NVIDIA / OpenSeq2Seq

Toolkit for efficient experimentation with Speech Recognition, Text2Speech and NLP
https://nvidia.github.io/OpenSeq2Seq
Apache License 2.0
1.55k stars 369 forks source link

External LM rescoring decode script is getting killed #447

Open shiv6146 opened 5 years ago

shiv6146 commented 5 years ago

Following up on this #380 @vsl9 @borisgin @blisc Have followed the steps 1-3 here and everything went smooth. But launching python scripts/decode.py --logits=<path_to>/model_output.pickle --labels=<path_to>/librivox-train-clean-100.csv --lm=<path_to>/4-gram.binary --vocab=open_seq2seq/test_utils/toy_speech_data/vocab.txt --alpha=2.0 --beta=1.5 --beam_width=512 --dump_all_beams_to=<path_to>/beams.txt with respective alpha beta and beam_width values just kills the script instantly for some unknown reason. My output looks something like this: # empty preds: 0 Greedy WER = 0.0025 Killed after running the script multiple times in eval mode. Do you think the beam_width value used here is an overkill for my memory? I am running on a single GPU instance of 12 GB memory. Your thoughts on this will help me. Thank you :+1:

shiv6146 commented 5 years ago

Adding to the above steps is it required to run the step 4 also ? Since I can see that in run_lm_exp.sh it is iterating over the checkpoints and then taking in the beam_dumps obtained from step 3 which itself is failing in my case. Could you please explain what is happening under the hood while performing these steps ?
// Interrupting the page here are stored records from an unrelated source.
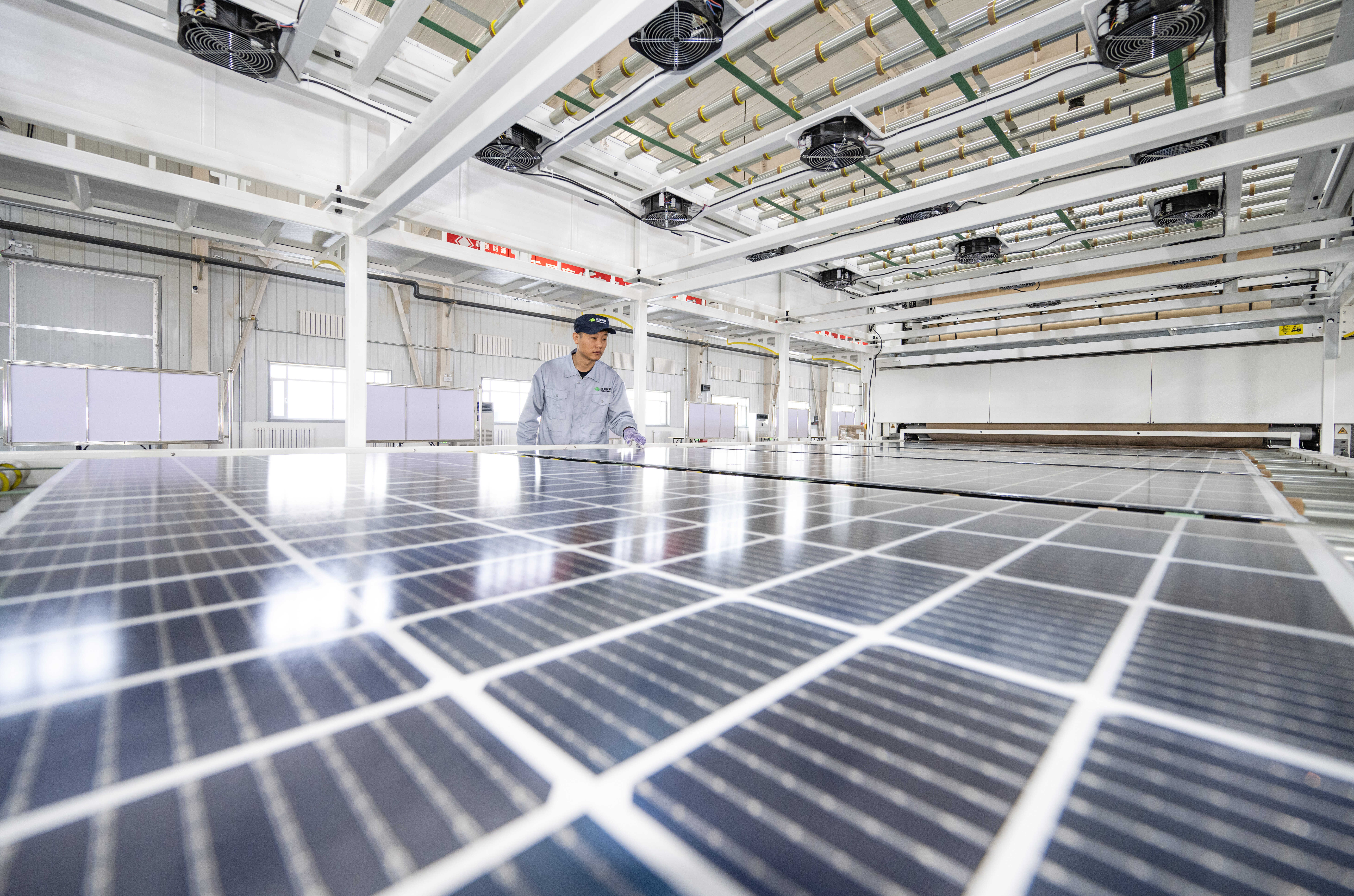 工作人员在生产光伏组件。来源:中经视觉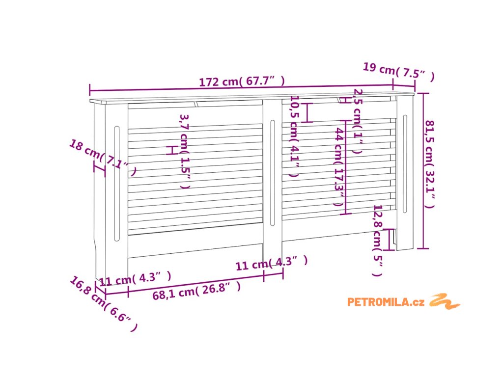 Kryt na radiátor bílý 172x19x81,5 cm MDF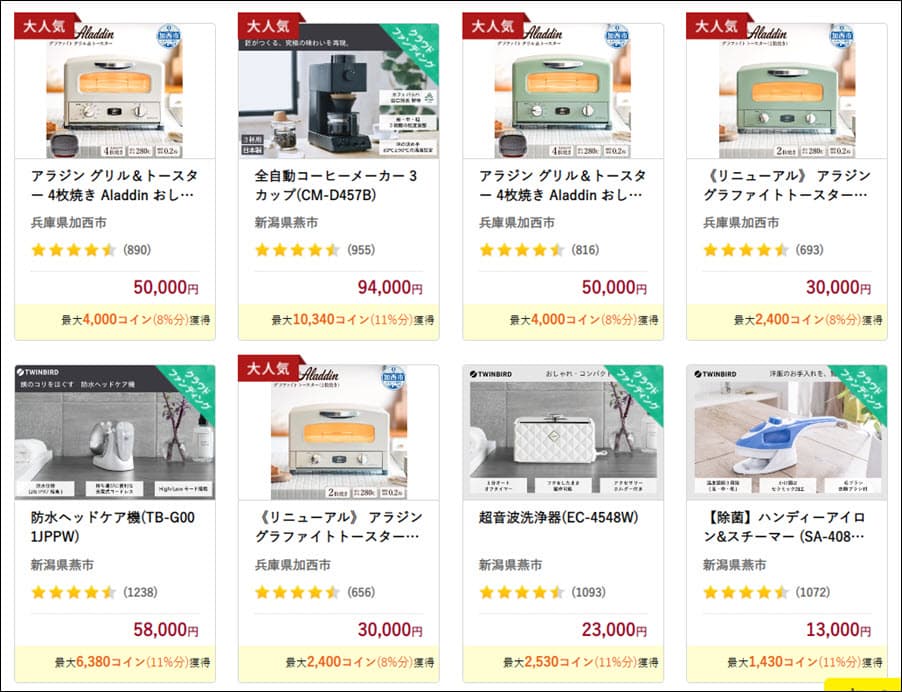 ふるさと納税サイトによっては家電を選ぶこともでき、トースターやコーヒーメーカーなどの電化製品を選ぶことができます。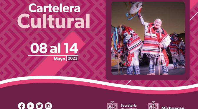 Descargas: Secretaría de Cultura del Estado de Michoacán (SECUM) Cartelera Cultural del 8 al 14 de mayo de 2023 LUNES 8 Festival del Libro de Zamora Eventos artísticos y culturales, presentaciones y venta de libros, talleres Del 05 al 14 de mayo De 10:00 a 18:00 horas Plaza Pública / Zamora MARTES 9 Cine Club […]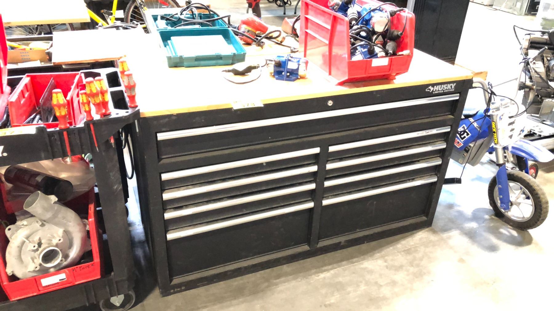 HUSKY LIMITED EDITION 9 DRAWER BLACK TOOL BOX 18" X 52" X 31" W/ CONTENTS (NO KEY)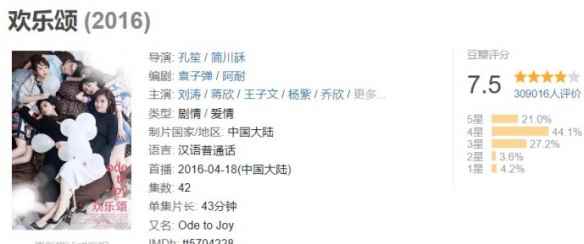 此前《欢乐颂》1到4部,分别在豆瓣评分为7.5分、5.4分、4.8分、5.7分。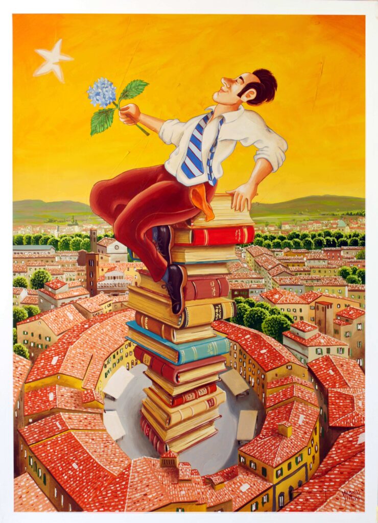 Maurizio Vinanti è nato a Firenze da una famiglia di artigiani ed artisti. Fin da giovanissimo ha mostrato una naturale inclinazione per la pittura che lo ha indotto a frequentare l’Istituto Statale d’Arte di Firenze dove ha conseguito il diploma di Maestro d’Arte e Magistero d’Arte. Dopo i primi esordi giovanili caratterizzati dalla sperimentazione di vari stili, negli anni ’90 ha iniziato il suo percorso nella tradizione della pittura ottocentesca, dalla quale si discosta nel ’96 per creare il suo personalissimo mondo fatto di paesaggi e personaggi fantastici che lo identifica poi come pittore surrealista. L’arte dell’artista fiorentino è caratterizzata da colori accesi e contrastanti, in cui sono rappresentati ricordi di paesaggi surreali e remote fantasie. La rappresentazione onirica della realtà e la continua ricerca figurativa che parte da paesaggi reali e si addentra in atmosfere fantastiche, fanno di lui un esponente unico del surrealismo contemporaneo.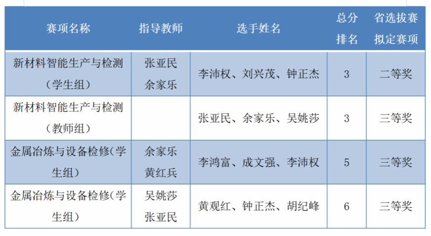 日前,2022-2023年度广东省职业院校学生专业技能大赛基本结束,我校参与“新材料智能生产与检测”和“金属冶炼与设备检修”的两个赛项获得二等奖1项、三等奖3项。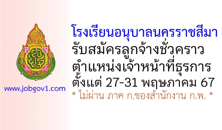 โรงเรียนอนุบาลนครราชสีมา รับสมัครลูกจ้างชั่วคราว ตำแหน่งเจ้าหน้าที่ธุรการ ตั้งแต่วันที่ 27-31 พฤษภาคม 2567
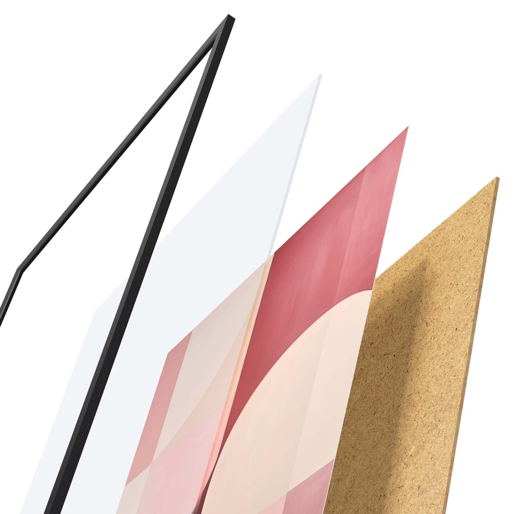 De poster bestaat uit een frame, plexiglas, geprinte afbeelding en spaanplaat achterkant. De poster kan meteen aan de muur worden gehangen dankzij de bevestigingen op de achterkant.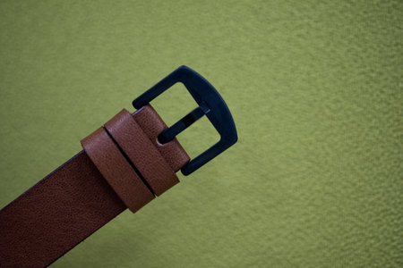 Men's leather belt with a metal buckle, close-up.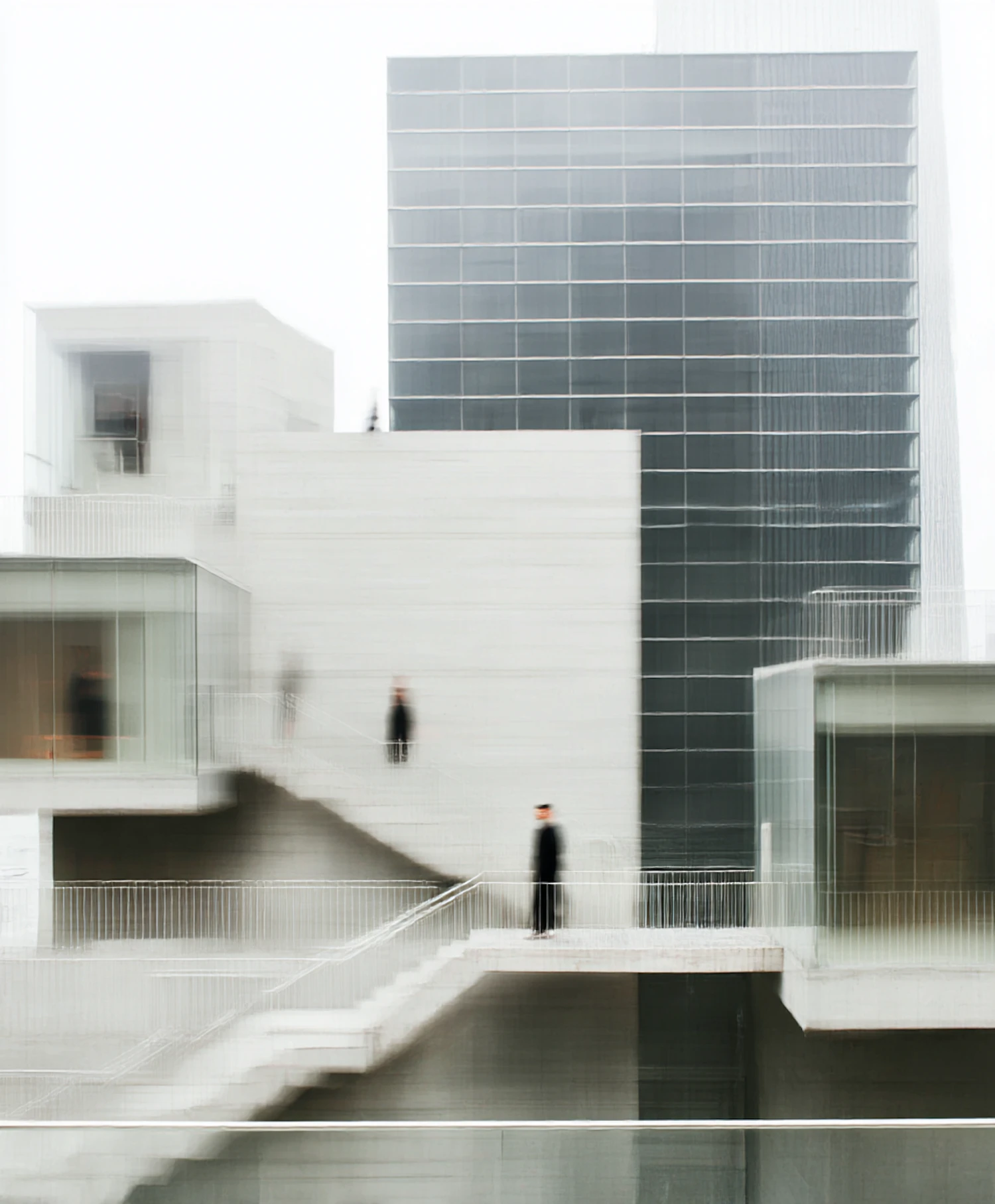 Modern architecture with clean lines, white concrete, and glass, featuring blurred figures on staircases against a dark grid-patterned facade.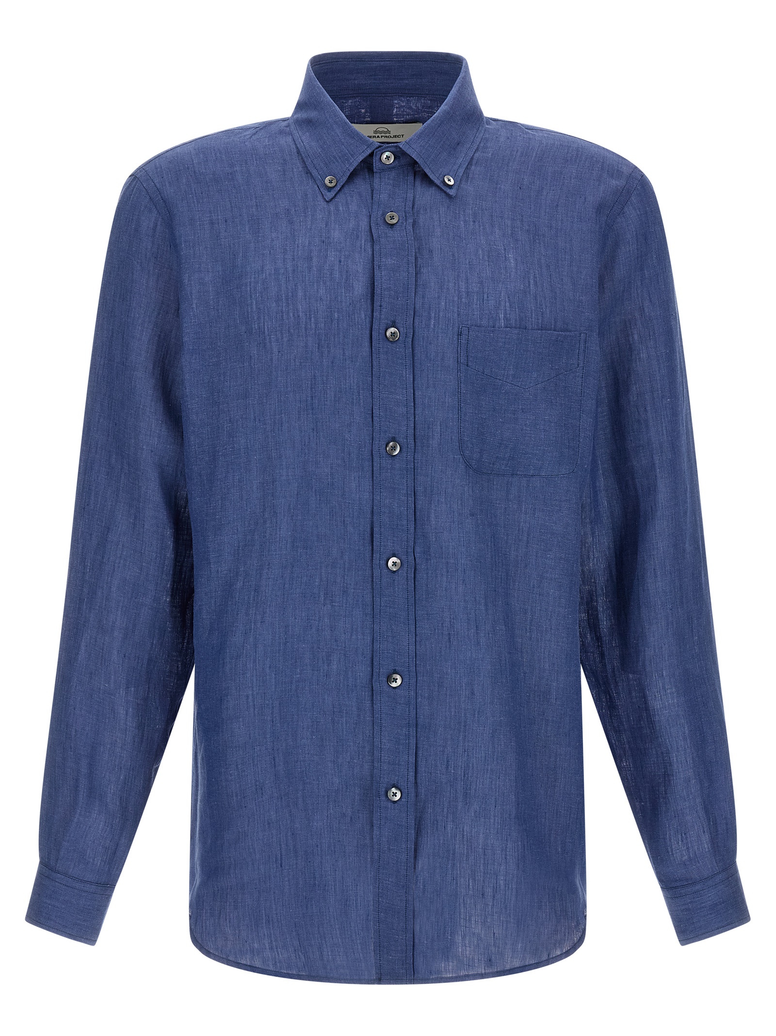Linen shirt, button-down model, front mother-of-pearl button closure, breast pocket, long sleeves with rounded cuffs, rounded hem.Характеристики товара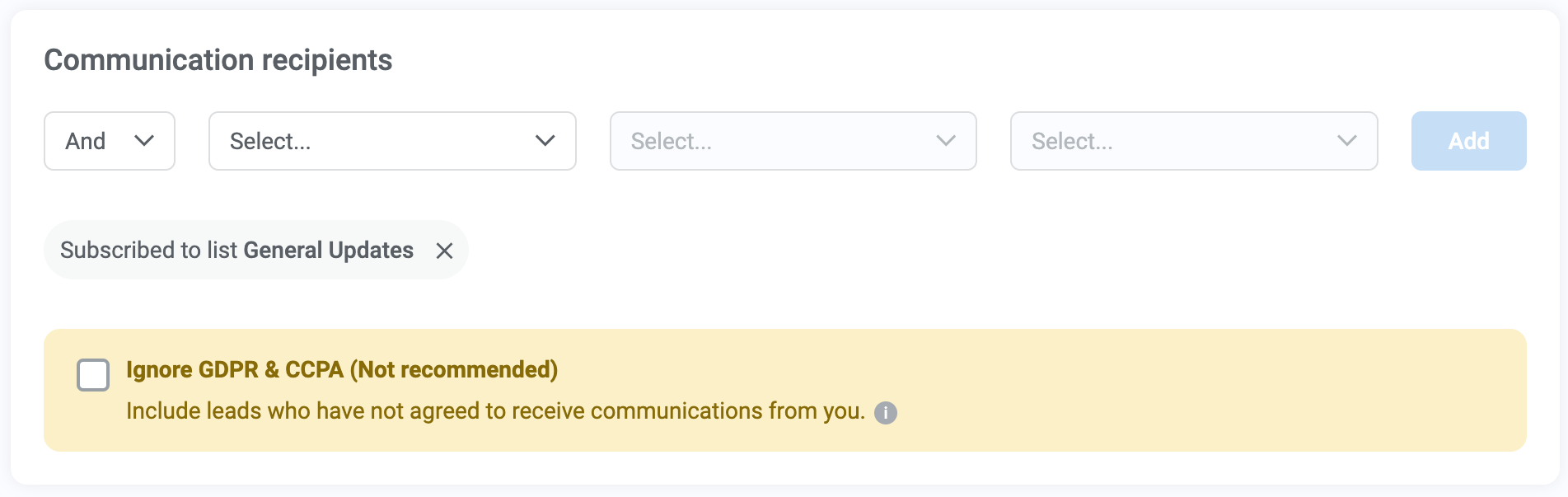 Important: The "Ignore GDPR & CCPA" option allows you to send emails to contacts who opted out of receiving marketing messages when they joined your list. Use this option carefully, and only for messages that meet exceptions under relevant data privacy regulations.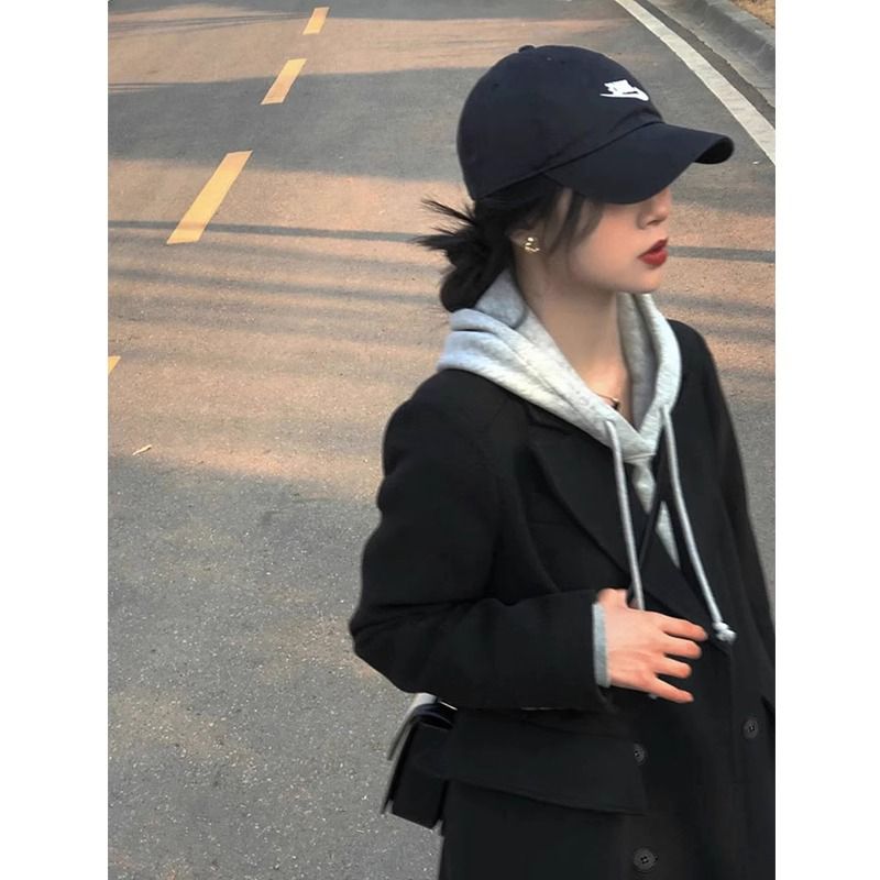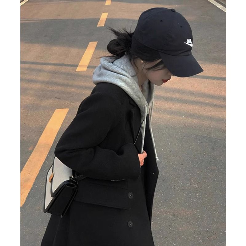 黑色毛呢外套女2025年秋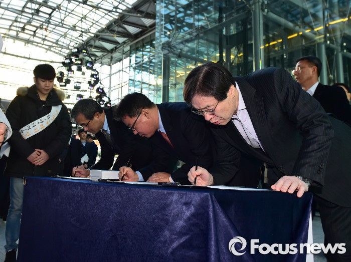 이날 서명대는 포스코센터 외에도 포항제철소 3곳, 광양제철소 2곳에 포항상공회의소와 광양상공회의소의 지원으로 각각 설치됐다.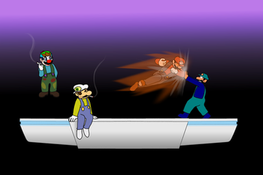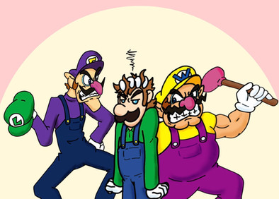 Waluigi and Wario from Super Mario Brothers..

blisc commented 5 years ago

Have you have any success with smaller beam widths? You can also try removing the --dump_all_beams_to=BEAMS.txt parameter.

Step 2 uses a pretrained speech model to get the predicted character logits per time step for each sound file.

Step 3 uses the outputs of step 2 and first does greedy decoding, and then will run beam search decoding rescoring with the given n-gram LM. If you give a range of alpha and beta, it will run grid search over all values. Otherwise in most cases, it will just run beam search with the provided alpha and beta. It will also dump the most probable candidates for each sound file if dump_all_beams_to is provided.

Step 4 takes the candidates from step 3 and uses T-XL to rescore each candidate and outputs the most probable one (the most probable one is just a linear combination of the score from Step 3 and the output of T-XL).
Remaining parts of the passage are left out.